Questions: A line passes through the point (-1,2) and has a slope of 8. Write an equation in slope-intercept form for this line.

Transcript text: A line passes through the point $(-1,2)$ and has a slope of 8 . Write an equation in slope-intercept form for this line.

Solution

Solution Steps

To find the equation of a line in slope-intercept form, which is $ y = mx + b $, we need the slope $ m $ and the y-intercept $ b $. We are given the slope $ m = 8 $ and a point on the line $(-1, 2)$. We can substitute these values into the slope-intercept equation to solve for $ b $.

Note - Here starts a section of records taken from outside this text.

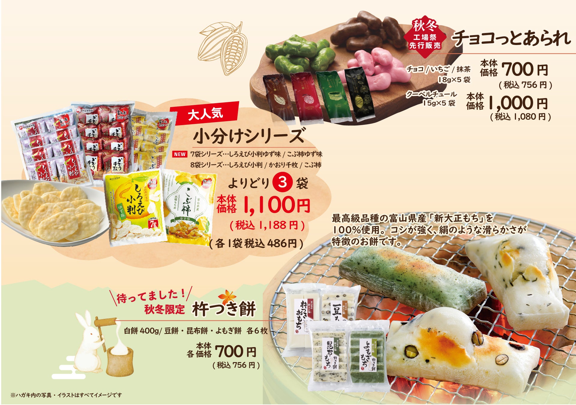 「よりどり3袋企画」では工場祭限定商品の7袋入りの「しろえび小判ゆず味」「こぶ柿ゆず味」が追加され、5品からお選びできます。秋冬の人気商品「チョコっとあられ」「杵つき餅」もご用意しています!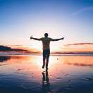 夕阳下的灯塔守望大海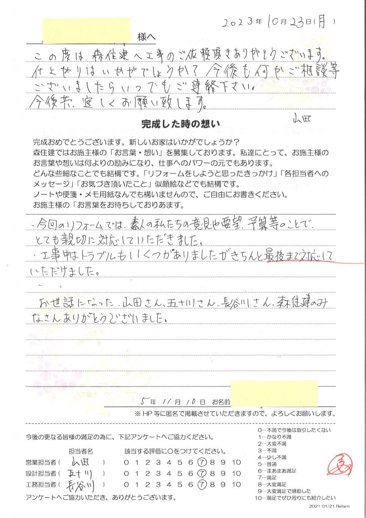 今回のリフォームでは、素人の私たちの意見や要望、予算等のことで、とても親切に対応していただきました。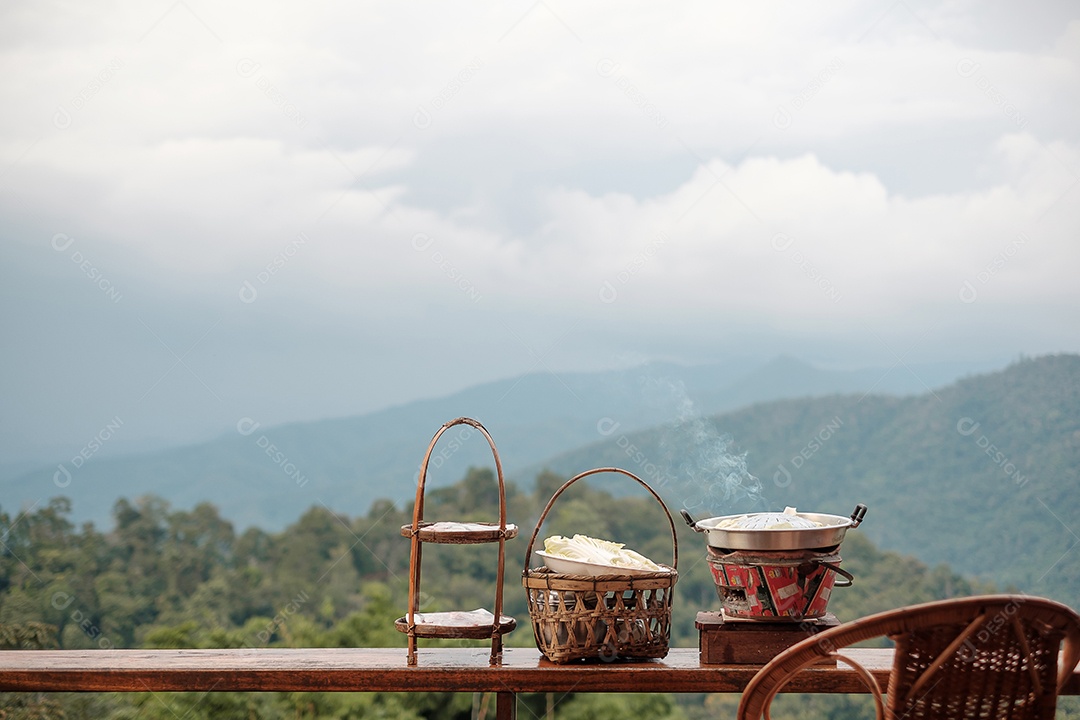 Carne de porco ou carne com legumes e sopa na panela quente.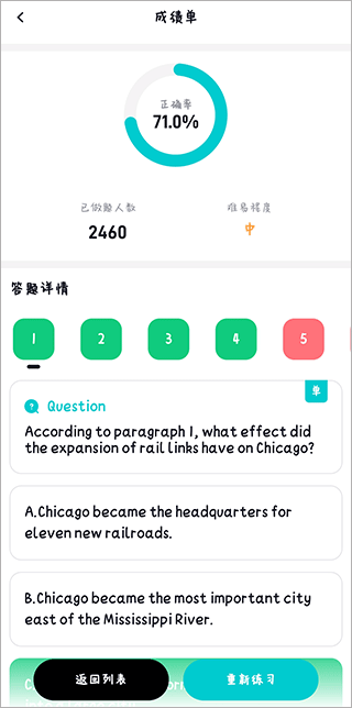 4、阅读示例题型练习后,系统打分并提供错题分析。

Step 1: Identify the Given Information

We are given a point on the line $(-1, 2)$ and the slope $m = 8$.

Step 2: Use the Slope-Intercept Form

The slope-intercept form of a line is given by the equation: \[ y = mx + b \] where $m$ is the slope and $b$ is the y-intercept.

Step 3: Substitute the Known Values

Substituting the known values into the equation to find $b$: \[ 2 = 8(-1) + b \] This simplifies to: \[ 2 = -8 + b \]

Step 4: Solve for the Y-Intercept

Rearranging the equation to solve for $b$: \[ b = 2 + 8 = 10 \]

Step 5: Write the Final Equation

Now that we have both $m$ and $b$, we can write the equation of the line: \[ y = 8x + 10 \]